Jordan and I have been looking at property to buy for our home in New Zealand. We have looked at raw land and at shacky shanties and dreadfully boring suburban boxes. We are smitten with a house on a piece of property out west of Auckland. It is 11 acres with a house and a studio on it. It has an orchard, chicken house, waterfall, gardens, and is at the end of a long rustic downhill road. It is financially ambitious , to say the least. This has motivated other changes. I will be returning to fix up our Friday Harbor house and prepare it for sale at the end of this month. There are so many ideas we have that could be implemented up there on that coastal mountain ridge. I find myself in some emotional jeopardy from my desire for it.
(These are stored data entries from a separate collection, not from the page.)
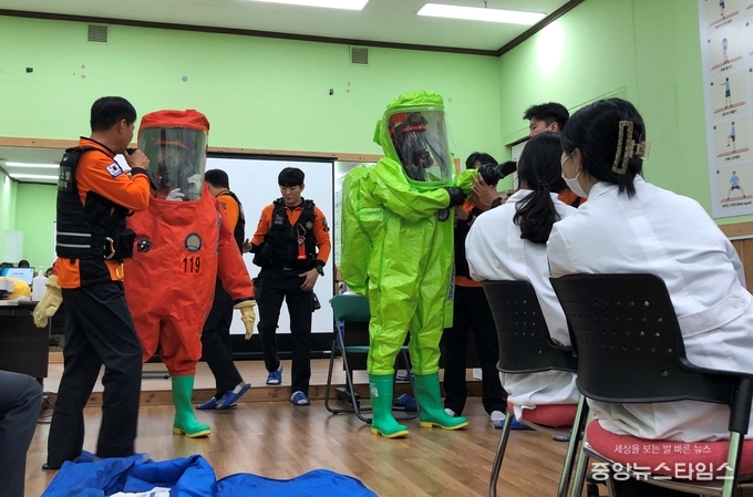 지난 7월 발생한 국제 우편물 테러 의심 사건 등으로 생물테러에 대한 사회적 관심이 높아진 상황 속에서 진행된 이번 훈련에서는 실제 테러가 발생한 상황을 가정해 ▲생물테러 대응체계 교육 ▲개인 보호복(Level A&C) 착탈의 ▲다중탐지키트 및 검체 채취 이송 등 보건소 초동대응요원 중심으로 실습형 훈련을 진행했다.
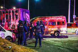 Autoridades auxilian a personas heridas de bala en Culiacán, el 19 de mayo.
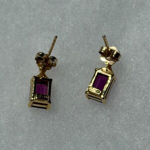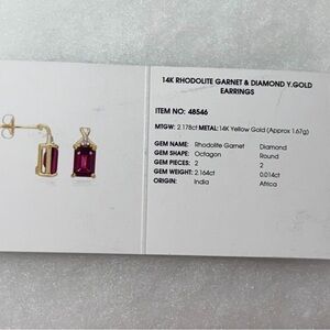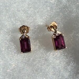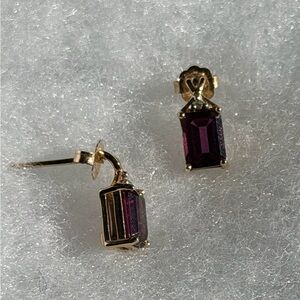 14K Rhodolite Garnet & Diamond Yellow Gold Earrings- Excellent Condition
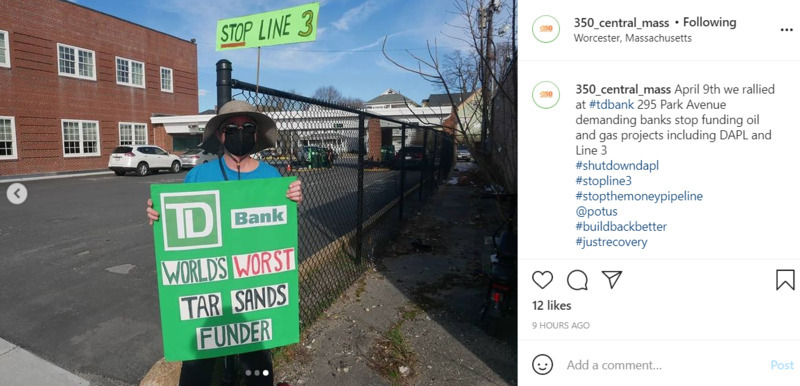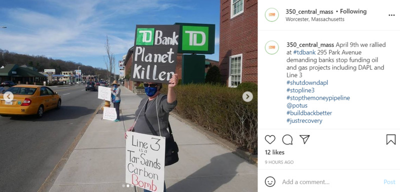 April 9th we rallied at #tdbank 295 Park Avenue demanding banks stop funding oil and gas projects including DAPL and Line 3
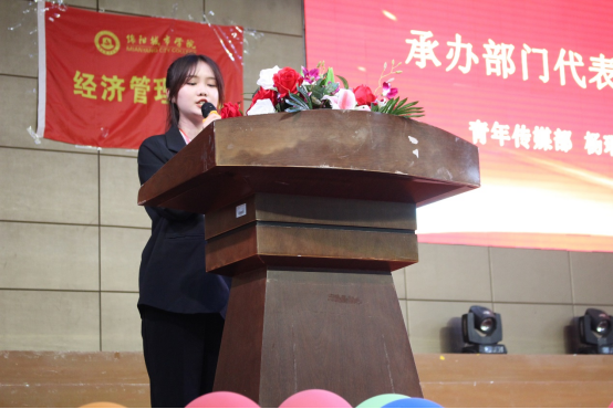 活动第一项,承办部门代表发言。青年传媒部部长杨瑞雪表示魅力经管大型系列活动是mk体育官方平台经济管理公司最具影响力的活动之一,对展现公司学子健康向上的精神风貌和新时代老员工魅力具有重要意义。各个班级在青春早操活动中展现出了不一样的阳光活力,在寝室文明与班风学风建设中表现出班级团结向上的氛围,在公众号大赛中展示出各班级公司生活的精彩,在加分作品中大家各显神通,可谓人才济济。

Are we allowed to have something so wonderful? Can we generate the $3900 monthly mortgage? If not, can I find an investment partner to share it with? I know risk offers reward, but where is the line I shouldn't cross? Am I missing the point of where we humans need to be focused all together? If we are to have a life sustaining planet for our children should we forget about securing ourselves future comfort and think about the greater whole instead? Perhaps if I pledge to help others with the land, share it, I can have it. Ive been at the table with god before, offering promises for outcomes I want. Usually it is about my children's safety or some dire situation. I'm sorry that I call meetings with God for such needful times. I think God knows she's/he's always invited for all the times, plain and grandiose ,though. How did we get to God, anyway??
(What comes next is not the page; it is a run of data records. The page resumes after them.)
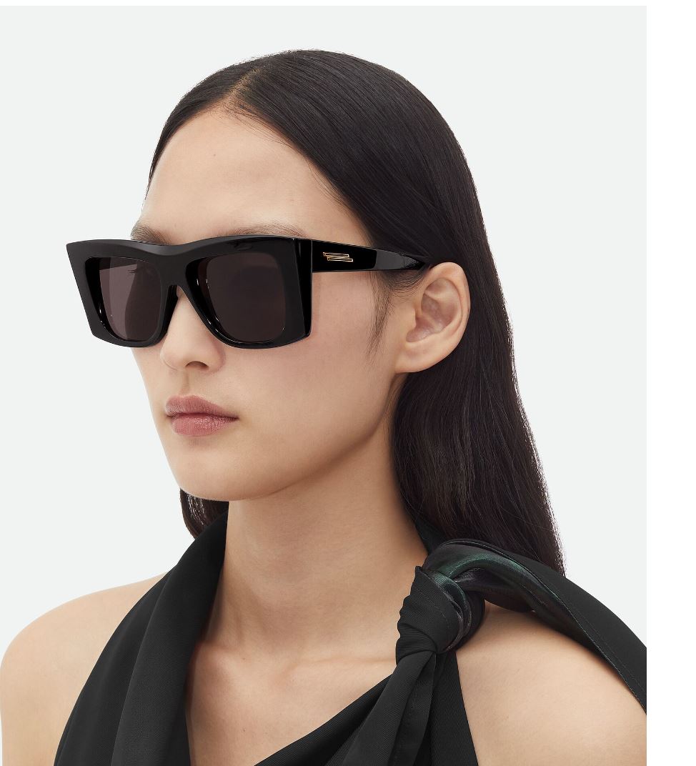 Full acetate oversize square shape. Thick front in the upper part which blends into a thinner bottom, creating the iconic triangular shape on the profile. Iconic metal fringed ribbon on the temples.
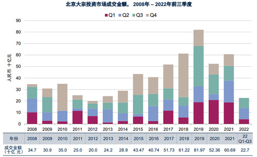 北京大宗投資市場在三季度的整體表現較為平穩,完成了若干宗投資交易,該季度投資市場累計成交金額約88.9億元。前三季度,北京大宗投資市場相較往年仍然低迷,累計成交金額約226.85億元,較去年同期下降55.2%。預計2022年四季度北京大宗投資市場仍然波瀾不驚,賣方與潛在買家仍處于博弈的階段,賣方希望加速拋售資產進行變現,但潛在買家會謹慎出手且對可售項目進行仔細甄別。此外,自用型收購及通過法拍渠道購得資產有可能在年末進一步增加。
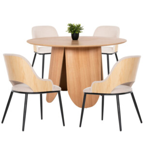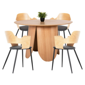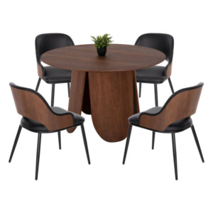 Τραπεζαρία Balou-Caron σετ 5τεμ pakoworld MDF και pp σε μαύρη-φυσική απόχρωση Φ120×73εκ

I look forward to seeing Nina, my daughter, and to visit and philosophize with Cate Mckee and tell Nancy about my exploration of Devonport on my recent week of working there. Ill see Natalia's baby and eat Tims pastrami and have roving walks with Barbara, where we really let out our reflections and true secret opinions. Ill hopefully get to cook with Laurie and maybe do some ritual magic with my women friends who meet on certain moons. Ill catch up with Beth. Chinmayo and I will sing and laugh. Larry will be his lovely jovial self, neighbor Jim will greet us from his patch. Serene Sue will have coffee in the thermos and Bill will give me that Scooby doo smile. Debra will undoubtedly show up to say hi at the perfect time and Ill get to see her domain's progress. Annie will have a few new masterpieces done. It will be something of a closure, I suspect. I look forward to the lilies poking up and the tulips unwitting cheer in my front yard. Ill feed the strawberries and tell them goodbye. Ill lay down on the stone terrace I built and soak in it's heat. I'm coming home, for the last time.